Immortel drops you into a neon-lit maze where GIMS darts between swagger and suspicion, wealth and worry. He paints a world in which we chase happiness without ever quite spotting it, where even the shampoo might be laced with danger, and where money, status, and social media noise drown out real connections. References to secret doors like the mythical Bifröst or shadowy figures ruling the planet set a paranoid, almost comic-book tone, making the song feel like a cinematic heist of modern life’s hypocrisies.
Yet beneath the witty punchlines and pop-culture name-drops, GIMS wrestles with deeper questions: What does it mean to be powerful, to be immortal? He flexes like a crime-series antihero, brags about bling, then admits he is still stunned by fatherhood and hungry for lyrics with substance, not just flash. Immortel becomes a self-portrait of someone determined to leave a lasting mark while navigating a chaotic society where truth is slippery, money rules the scoreboard, and only those who adapt will “see who’s the strongest” in the end.
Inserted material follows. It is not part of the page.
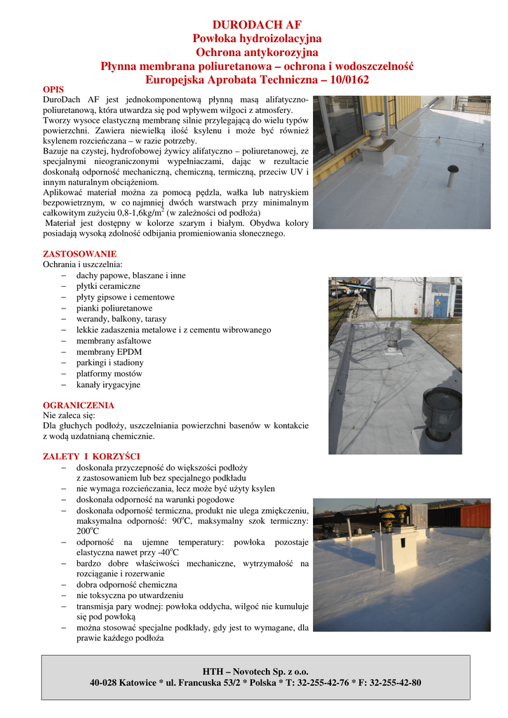 DURODACH AF Powłoka hydroizolacyjna Ochrona antykorozyjna Płynna membrana poliuretanowa – ochrona i wodoszczelność Europejska Aprobata Techniczna – 10/0162 OPIS DuroDach AF jest jednokomponentową płynną masą alifatycznopoliuretanową, która utwardza się pod wpływem wilgoci z atmosfery. Tworzy wysoce elastyczną membranę silnie przylegającą do wielu typów powierzchni. Zawiera niewielką ilość ksylenu i może być również ksylenem rozcieńczana – w razie potrzeby. Bazuje na czystej, hydrofobowej żywicy alifatyczno – poliuretanowej, ze specjalnymi nieograniczonymi wypełniaczami, dając w rezultacie doskonałą odporność mechaniczną, chemiczną, termiczną, przeciw UV i innym naturalnym obciążeniom. Aplikować materiał można za pomocą pędzla, wałka lub natryskiem bezpowietrznym, w co najmniej dwóch warstwach przy minimalnym całkowitym zużyciu 0,8-1,6kg/m2 (w zależności od podłoża) Materiał jest dostępny w kolorze szarym i białym. Obydwa kolory posiadają wysoką zdolność odbijania promieniowania słonecznego. ZASTOSOWANIE Ochrania i uszczelnia: − dachy papowe, blaszane i inne − płytki ceramiczne − płyty gipsowe i cementowe − pianki poliuretanowe − werandy, balkony, tarasy − lekkie zadaszenia metalowe i z cementu wibrowanego − membrany asfaltowe − membrany EPDM − parkingi i stadiony − platformy mostów − kanały irygacyjne OGRANICZENIA Nie zaleca się: Dla głuchych podłoży, uszczelniania powierzchni basenów w kontakcie z wodą uzdatnianą chemicznie. ZALETY I KORZYŚCI − doskonała przyczepność do większości podłoży z zastosowaniem lub bez specjalnego podkładu − nie wymaga rozcieńczania, lecz może być użyty ksylen − doskonała odporność na warunki pogodowe − doskonała odporność termiczna, produkt nie ulega zmiękczeniu, maksymalna odporność: 90oC, maksymalny szok termiczny: 200oC − odporność na ujemne temperatury: powłoka pozostaje elastyczna nawet przy -40oC − bardzo dobre właściwości mechaniczne, wytrzymałość na rozciąganie i rozerwanie − dobra odporność chemiczna − nie toksyczna po utwardzeniu − transmisja pary wodnej: powłoka oddycha, wilgoć nie kumuluje się pod powłoką − można stosować specjalne podkłady, gdy jest to wymagane, dla prawie każdego podłoża HTH – Novotech Sp. z o.o. 40-028 Katowice * ul. Francuska 53/2 * Polska * T: 32-255-42-76 * F: 32-255-42-80 DURODACH AF Powłoka hydroizolacyjna Ochrona antykorozyjna Płynna membrana poliuretanowa – ochrona i wodoszczelność Europejska Aprobata Techniczna – 10/0162 DANE TECHNICZNE: wytrzymałość na zrywanie w temp. 23oC wydłużenie w temp. 23oC Wydłużenie w temp. -25oC Odporność na masy wiatru > 55kg/cm2 > 600% > 450% >50KPa twardość (skala Shore’a) 70 współ. odporności na dyfuzję pary wodnej temperatura użytkowania maksymalny szok temperaturowy u = 1105 -40oC do +90oC 200oC lepkość (skala Brookfielda) ciężar właściwy punkt zapłonu 2000 – 8000 PCF 1,3 – 1,4 gr/cm3 42oC HTH – Novotech Sp. z o.o. 40-028 Katowice * ul. Francuska 53/2 * Polska * T: 32-255-42-76 * F: 32-255-42-80

GIMS, born Gandhi Djuna in 1986 in Kinshasa, is one of the biggest stars in French music. His family left the Democratic Republic of the Congo for Paris when he was just two years old, and he grew up in the French capital.
He first made his name as the masked frontman of the rap collective Sexion d'Assaut, one of the groups behind France's rap revival around 2010. Since going solo in 2013 he has become a chart-topping, stadium-filling artist who blends rap, pop and R&B, and he has worked with international names like Sia, Sting, Maluma and Pitbull.